Another approach is “de-biasing,” which helps eliminate differences across groups or individuals based on individual attributes. Meskó referenced the IBM open source AI Fairness 360 toolkit, which is a comprehensive set of metrics and algorithms that researchers and developers can access to use to reduce bias in their own datasets and AIs.
Checks and balances are likewise important. For example, that could include “cross-checking the decisions of the algorithms by humans and vice versa. In this way, they can hold each other accountable and help mitigate bias,” Meskó said..
Keeping Humans in the Loop
Speaking of checks and balances, should patients be worried that a machine is replacing a doctor’s judgment or driving possibly dangerous decisions because a critical piece of data is missing?

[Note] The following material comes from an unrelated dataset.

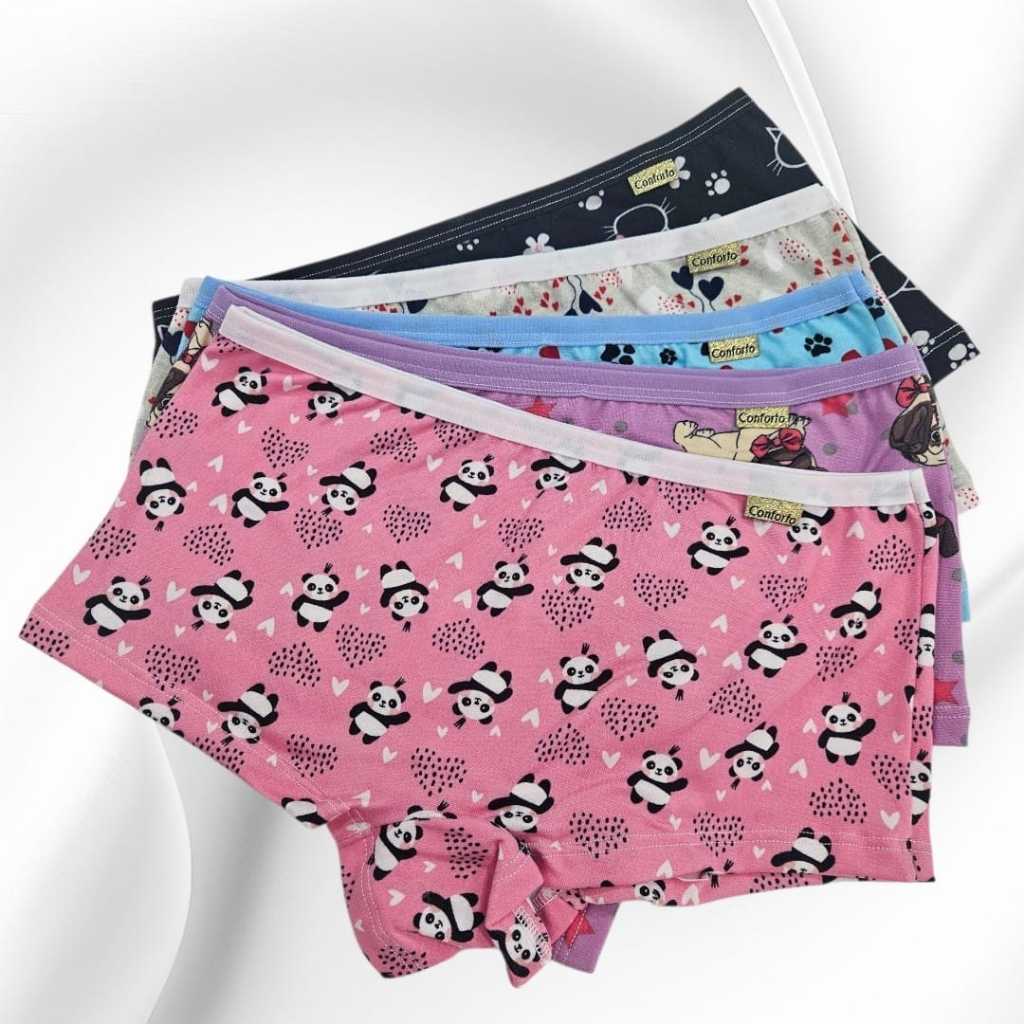 KIT 5 Calcinha ADULTO Estilo Cueca Boxer Feminina Shortinho Suede Conforto Estampada

Trevedi mentioned that AI research guidelines are in development that focus specifically on rules to consider when testing and evaluating models, especially those that are open source. Also, the FDA and Department of Health and Human Services are trying to regulate algorithm development and validation with the goal of improving accuracy, transparency, and fairness.
Like medicine itself, AI is not a one-size-fits-all solution, and perhaps checks and balances, consistent evaluation, and concerted efforts to build diverse, inclusive datasets can address and ultimately help to overcome pervasive health disparities.
At the same time, “I think that we are a long way from entirely removing the human element and not having clinicians involved in the process,” said Kelly Michelson, MD, MPH, director of the Center for Bioethics and Medical Humanities at Northwestern University Feinberg School of Medicine and attending physician at Ann & Robert H. Lurie Children’s Hospital of Chicago.
“There are actually some great opportunities for AI to reduce disparities,” she said, also noting that AI is not simply “this one big thing.”
“AI means a lot of different things in a lot of different places,” says Michelson. “And the way that it is used is different. It’s important to acknowledge that issues around bias and the impact on health disparities are going to be different depending on what kind of AI you’re talking about.”